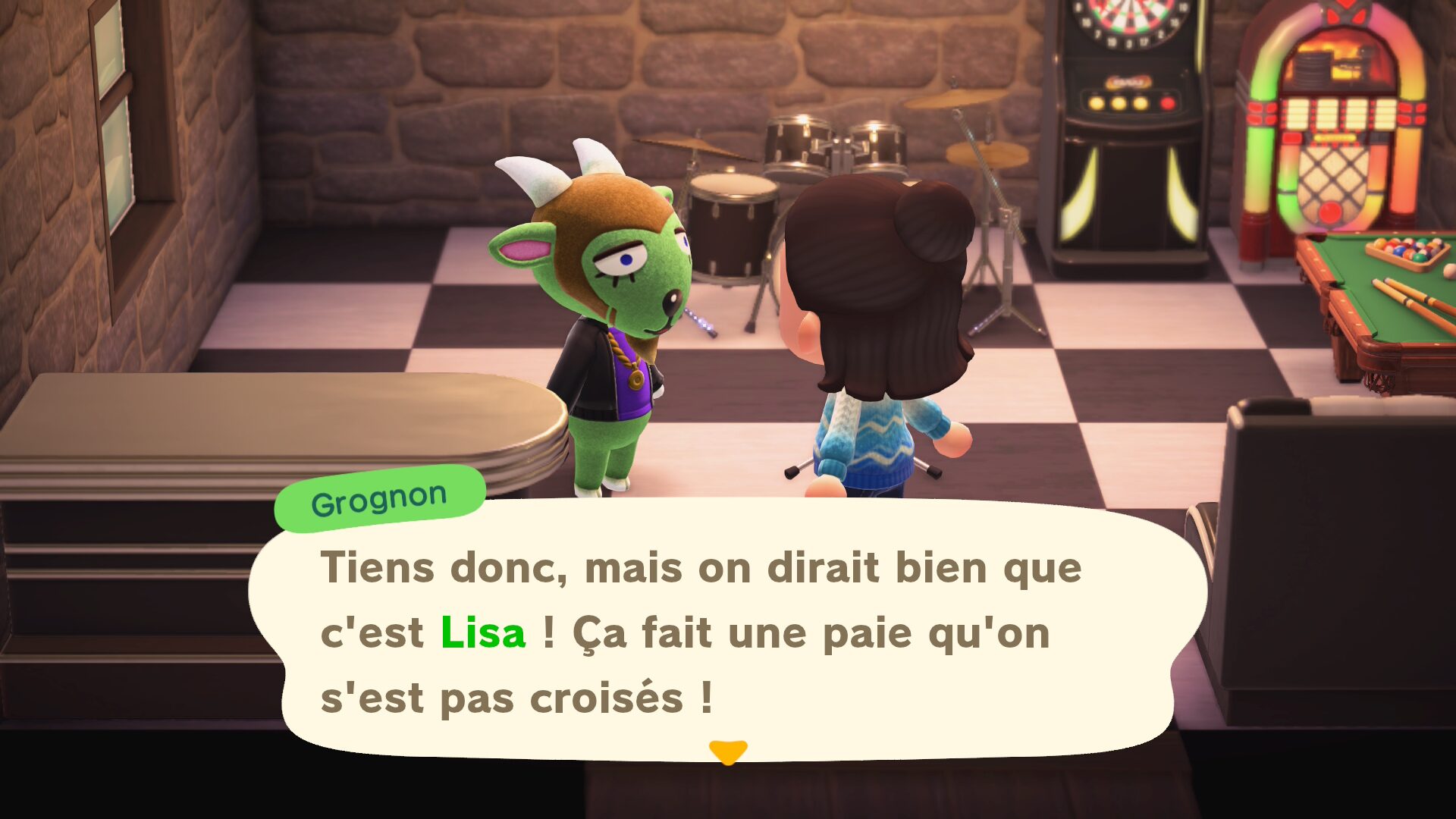 Bon, la venue d’Irène m’a surtout fait la regretter — d’autant plus que Grognon continue de s’accrocher à mon île comme une moule à son rocher. Mais au-delà de ce traumatisme personnel, cette nouveauté remet surtout en question toute la logique esthétique du jeu. À quoi bon avoir englouti des milliers de miles Nook à la recherche de la perle rare, si vos anciens voisins mal-aimés peuvent désormais revenir, l’air de rien, sillonner les rues de votre île ? La bonne nouvelle, c’est que leur séjour semble relativement court. Encore faut-il accepter de les recroiser.
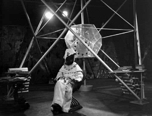 Visually, The Keys of Marinus is as impressive as the last five episodes. Gorrie includes a couple of very neat touches: the shadow of a Voord appearing on the lattice behind the Doctor and friends as they flee the pyramid, and a slow, rather operatic zoom out as the robed Yartek activates the Conscience (which gets brighter and hums at a different pitch every time he inserts a key).
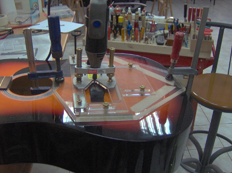Η τιμή δε συμπεριλαμβάνει τον κρύσταλλο.Η εργασία αυτή είναι λεπτή και απαιτείται απόλυτη ακρίβεια στη εκτέλεσή της ώστε να δουλέψει ο κρύσταλλος καλά. Στο πρώτο στάδιο υπολογίζεται η γωνία που σηκώνεται η γέφυρα υπό την τάση των χορδών. Η μέτρηση υπολογίζεται με ειδικό πιεσόμετρο και καταγράφεται. Αφού αφαιρεθούν οι χορδές, προσομοιώνεται το ίδιο τράβηγμα ενώ αυτές λείπουν. Αυτό το κάνουμε για να σκαφτεί η γέφυρα σωστά και να δεχτεί τον κρύσταλλο με τέτοιο τρόπο, που να μην εμποδίζεται η σωστή επαφή κρυστάλλου και saddle όταν οι χορδές επιστρέψουν. Στο επόμενο στάδιο γίνεται το σκάψιμο της εγκοπής saddle, τρύπημα για το καλώδιο του κρυστάλλου και τέλος τρύπημα για output jack.

-------

▶ [TASK DIRECTIONS] Please copy the data shown above, line by line and exactly, omitting the images.

▶ [FINISHED EXERCISE]
 Bon, la venue d’Irène m’a surtout fait la regretter — d’autant plus que Grognon continue de s’accrocher à mon île comme une moule à son rocher. Mais au-delà de ce traumatisme personnel, cette nouveauté remet surtout en question toute la logique esthétique du jeu. À quoi bon avoir englouti des milliers de miles Nook à la recherche de la perle rare, si vos anciens voisins mal-aimés peuvent désormais revenir, l’air de rien, sillonner les rues de votre île ? La bonne nouvelle, c’est que leur séjour semble relativement court. Encore faut-il accepter de les recroiser.
 Visually, The Keys of Marinus is as impressive as the last five episodes. Gorrie includes a couple of very neat touches: the shadow of a Voord appearing on the lattice behind the Doctor and friends as they flee the pyramid, and a slow, rather operatic zoom out as the robed Yartek activates the Conscience (which gets brighter and hums at a different pitch every time he inserts a key).
Η τιμή δε συμπεριλαμβάνει τον κρύσταλλο.Η εργασία αυτή είναι λεπτή και απαιτείται απόλυτη ακρίβεια στη εκτέλεσή της ώστε να δουλέψει ο κρύσταλλος καλά. Στο πρώτο στάδιο υπολογίζεται η γωνία που σηκώνεται η γέφυρα υπό την τάση των χορδών. Η μέτρηση υπολογίζεται με ειδικό πιεσόμετρο και καταγράφεται. Αφού αφαιρεθούν οι χορδές, προσομοιώνεται το ίδιο τράβηγμα ενώ αυτές λείπουν. Αυτό το κάνουμε για να σκαφτεί η γέφυρα σωστά και να δεχτεί τον κρύσταλλο με τέτοιο τρόπο, που να μην εμποδίζεται η σωστή επαφή κρυστάλλου και saddle όταν οι χορδές επιστρέψουν. Στο επόμενο στάδιο γίνεται το σκάψιμο της εγκοπής saddle, τρύπημα για το καλώδιο του κρυστάλλου και τέλος τρύπημα για output jack.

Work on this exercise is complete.